За этими словами не стояло ни восторга, ни восхищения, а лишь удивление и робость. И она была не меньше той, которую испытал при встрече с жандармским ротмистром. С малых лет привыкший к простоте и ясности всего, что окружало, Лохов терялся, когда сталкивался с чем-то иным. Впрочем, к этому иному относился по-разному, могло и понравиться, но чаще оставался равнодушным, говоря:
— И че токо не придумают люди?
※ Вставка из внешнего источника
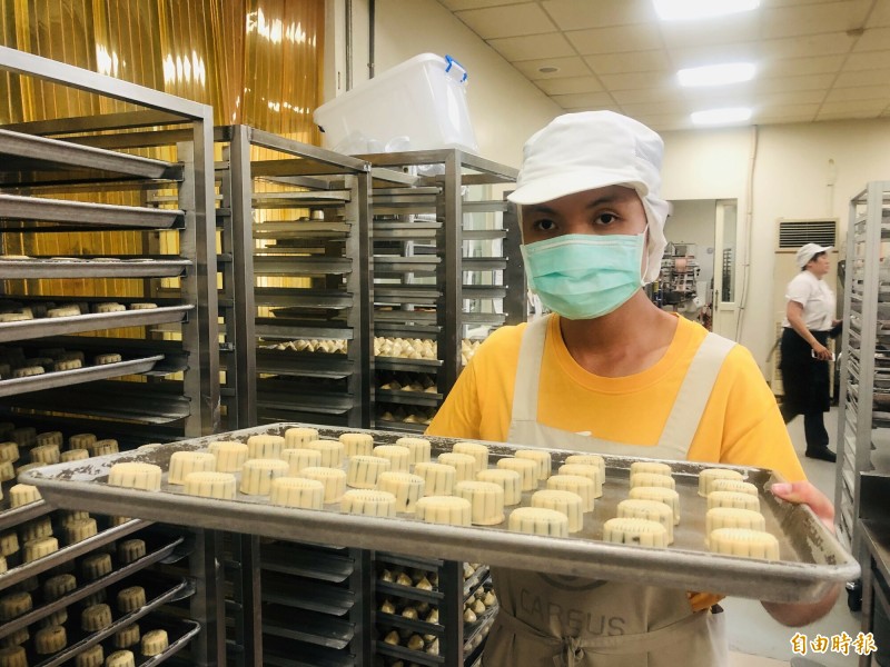 24歲中度智能障礙的阿偉,從2015年進入竹北庇護工場,5年來累積1600多個小時練習時間,終於在今年初考取烘焙證照,今年中秋節更挑戰進入內場與師傅一起烘烤月餅,為自己生命里程碑烙下值得紀念勳章。(喜憨兒基金會提供)

И главное дело, нашто?..
Но в любом случае полюбить это иное не умел и сердился на тех, в ком чувствовал восторг и радость, и недоумевал, с тоскою вспоминая отчую деревню с милыми сердцу задворьями, на которых росла высокая кустистая крапива.
Но то, что увидел на берегу древнего сибирского моря, было много удивительнее всего, что знал, непонятнее:
— Дивы-то! Дивы!..
Он повторял эти слова до тех пор, пока не отошли от Байкала и не углубились в тайгу, держась узкой каменистой тропки. Густые кроны деревьев смыкались над головою, и тропка едва проглядывала, ухали, перекликаясь, таежные птицы и натренькивал свиристел. Все это помнилось с малых лет и успокаивало. А когда оказались на полянке, прилепившейся краешком, густо заросшим зеленотелым ивняком, к быстрой горной речке, и вовсе хорошо сделалось.
— А в тот год мы с батяней взяли на монастырских полях с чети по чердаку ржи, и маманя была довольна, сказала: даст бог, служители не обидят — и проживем зимушку…
Христя посмотрел на него с усмешкою, но промолчал. Зато тот, третий, прозваньем Сафьян Крашенинников, в красной рубахе навыпуск и в серых, стершихся на коленях шароварах да в броднях, на. правый глаз кривой, левый-то все подмигивает, подмигивает, а правый не шевельнется даже, заговорил торопливо, однако ж с тем внутренним достоинством в хрипловатом голосе, которое и после маеты, принятой им, не истаяло и которого сам Лохов был лишен совершенно, о девяносто седьмом годе, то есть о том самом, какой имел в виду и Филимон. Тогда в Забайкалье случилось наводнение, Селенга вышла из берегов и уничтожила урожай хлебов.